[英]Regex starting from phrase to end of doc with condition
I have a starting phrase say fruits
. 我有一个开始的话说fruits
。 I have some ending phrase like apple
, banana
and pineapple
. 我有一些结尾短语,例如apple
, banana
和pineapple
。
I have some documents with variable as text
: 我有一些text
变量为text
:
Fruits 水果
They are good for health.... 它们对健康有益。
should eat Apple 应该吃苹果
Fruits 水果
eat regularly banana 经常吃香蕉
Fruits you need 你需要的水果
to eat Apple 吃苹果
Fruits are good 水果很好
Daily we should have pineapple 每天我们应该吃菠萝
In general, fruits have various minerals. 通常,水果具有多种矿物质。

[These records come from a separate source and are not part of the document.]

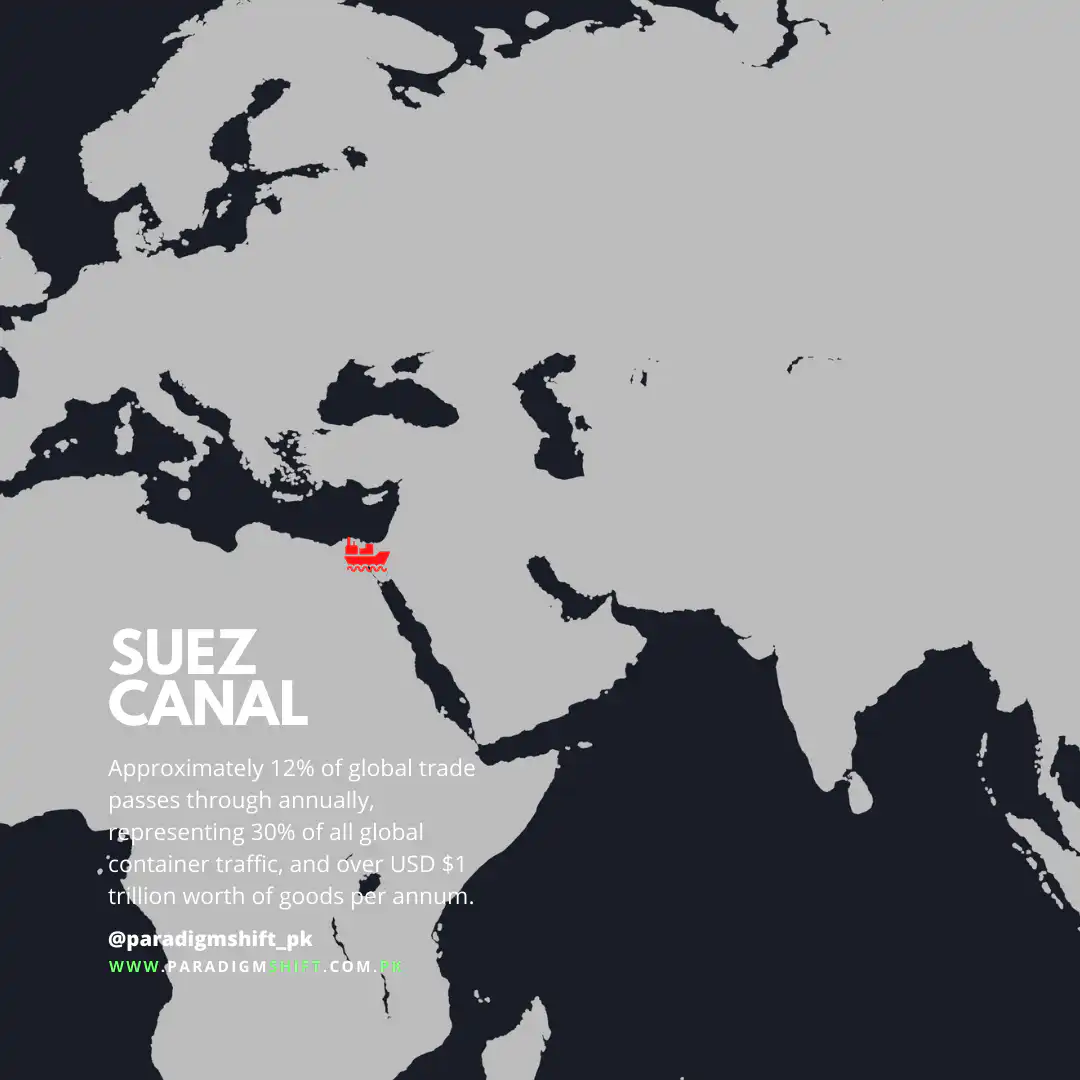 The significance of this canal can be gauged from the fact that the recent six-day blockade of the Suez Canal resulted in a $90 million loss in toll revenue to the Egyptian government as scores of ships waited to cross the waterway or took alternate ways. The blockage restrained about $10 billion of cargo a day from passing through the strait. About 12% of global trade passes through this strait annually, representing 30% of all global container traffic, and more than $1 trillion of goods per annum.
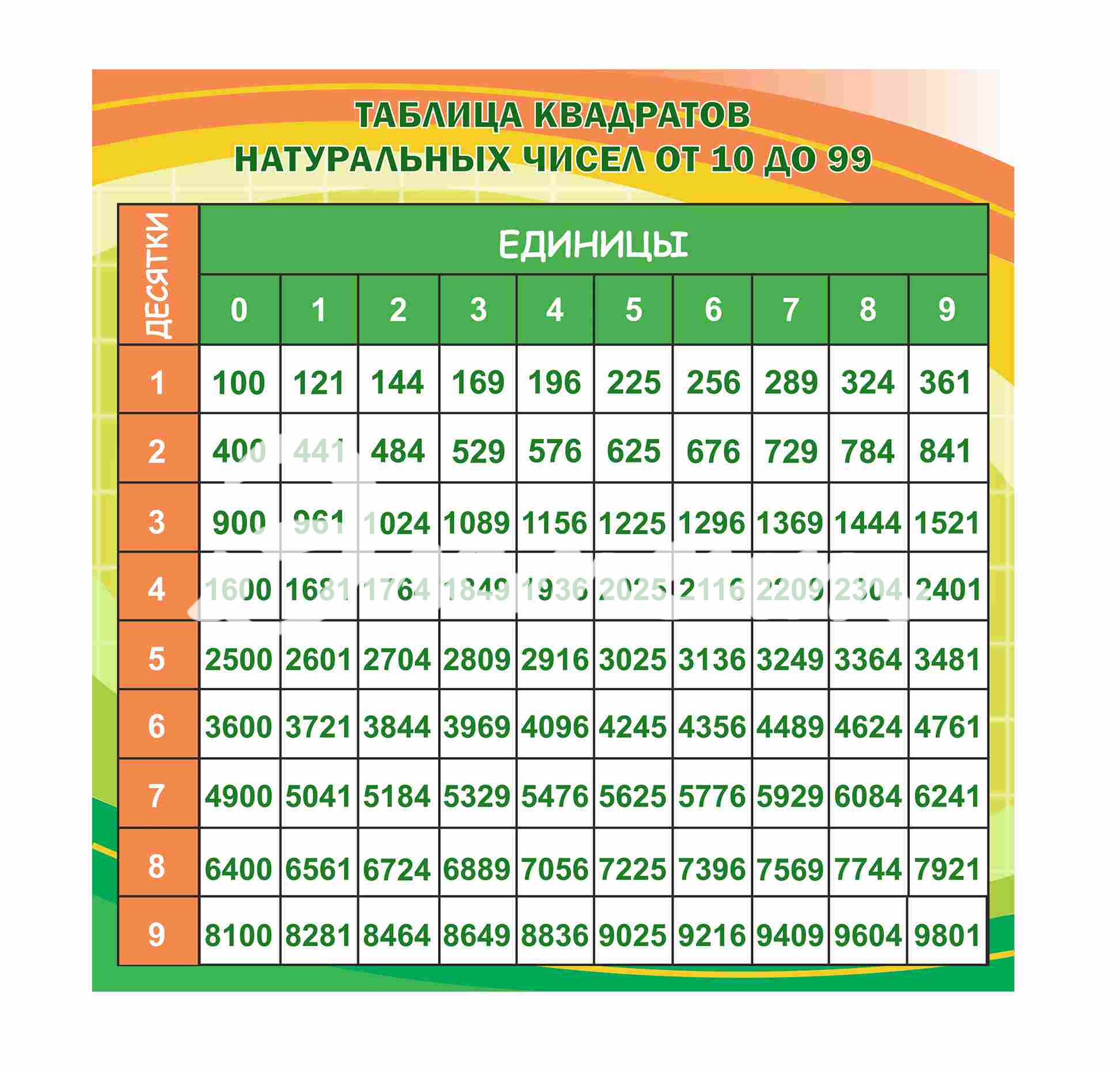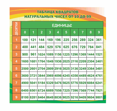 Услуга: Оформление кабинета Математики Таблица квадратов натуральных чисел 600х600мм
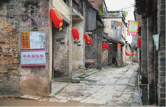 千年老街自北向南,寬約4米、長約300米,青石板路面。沿街多為典型的嶺南風(fēng)格建筑,二層騎樓,房屋寬敞深長,一樓為鋪,二樓為居,前為店,后為廚。天井頂面多設(shè)明瓦數(shù)塊,以取日光照射,木梯扶手、門窗雕刻的粗細(xì)花紋無聲地證明它們曾經(jīng)的風(fēng)采。看得出當(dāng)年舊街果然是繁華過的,有飯館,有劇院,有酒肆,有客棧,有百貨,街道排水、布局都很合理,有的街道至今在門前仍有留有水道。
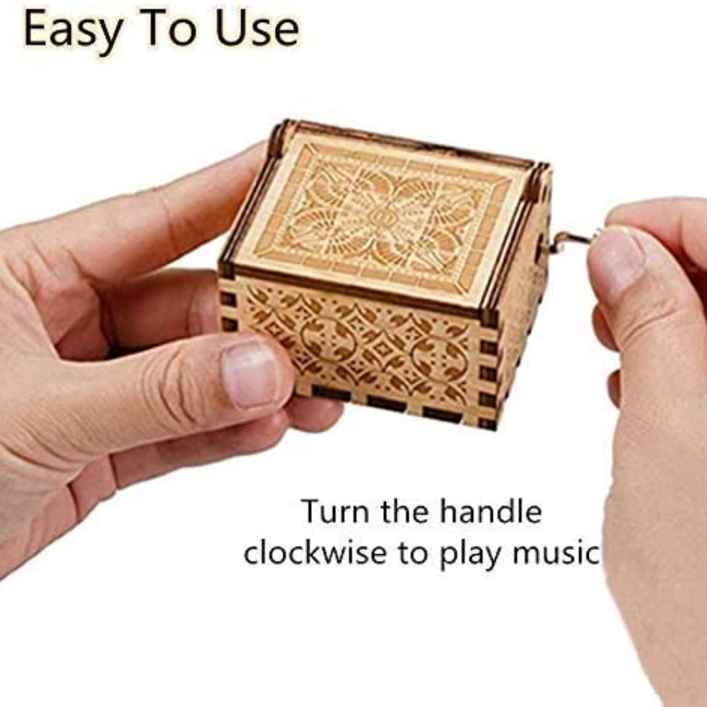 1. Оригинальная Музыкальная шкатулка с рукояткой, просто поверните ручку, чтобы играть свежие и удобные классические песни.
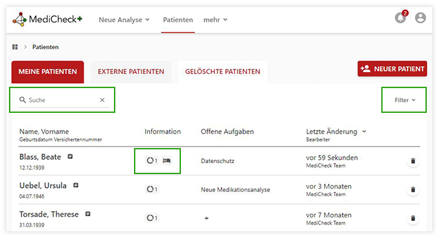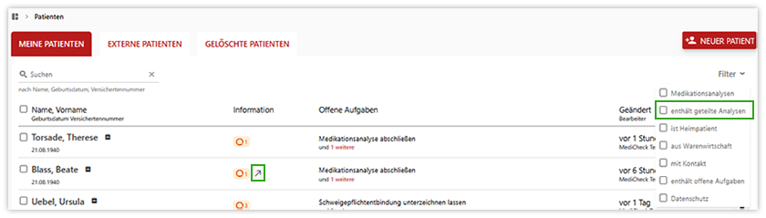 Sind für Patienten geteilte Fälle vorhanden, so wird dies in der Spalte "Information" mit einem Pfeil in der Patientenübersicht angezeigt. Ebenfalls lassen sich Patientenakten, die geteilte Analysen enthalten, über den Filter gezielt suchen.

Most of them are very tasty 他们大多数都很好吃
My Regex and code: 我的正则表达式和代码:
p = r'(\bFruits\b\s*\w*\s*\n*.*?(\bApples?\b|\bbananas?\b|\bpineapples?\b))'
sep = ";;"
lst = re.findall(p, text, re.I|re.M|re.DOTALL)
val = sep.join(str(v) for v in lst )
Above regex works well in text
1 & 2 and partially in text
3. 上面的正则表达式在text
1和2以及部分text
3中效果很好。
Problem : 问题 :
All I need is when we encounter fruit and don't find any of the ending phrase, then and only then go till end of document. 我所需要的只是当我们遇到水果而找不到任何结尾短语时,然后直到文档结尾。
Expected Output from text
3 : text
3的 预期输出 :
Fruits are good Daily we should have pineapple ;; fruits have various minerals.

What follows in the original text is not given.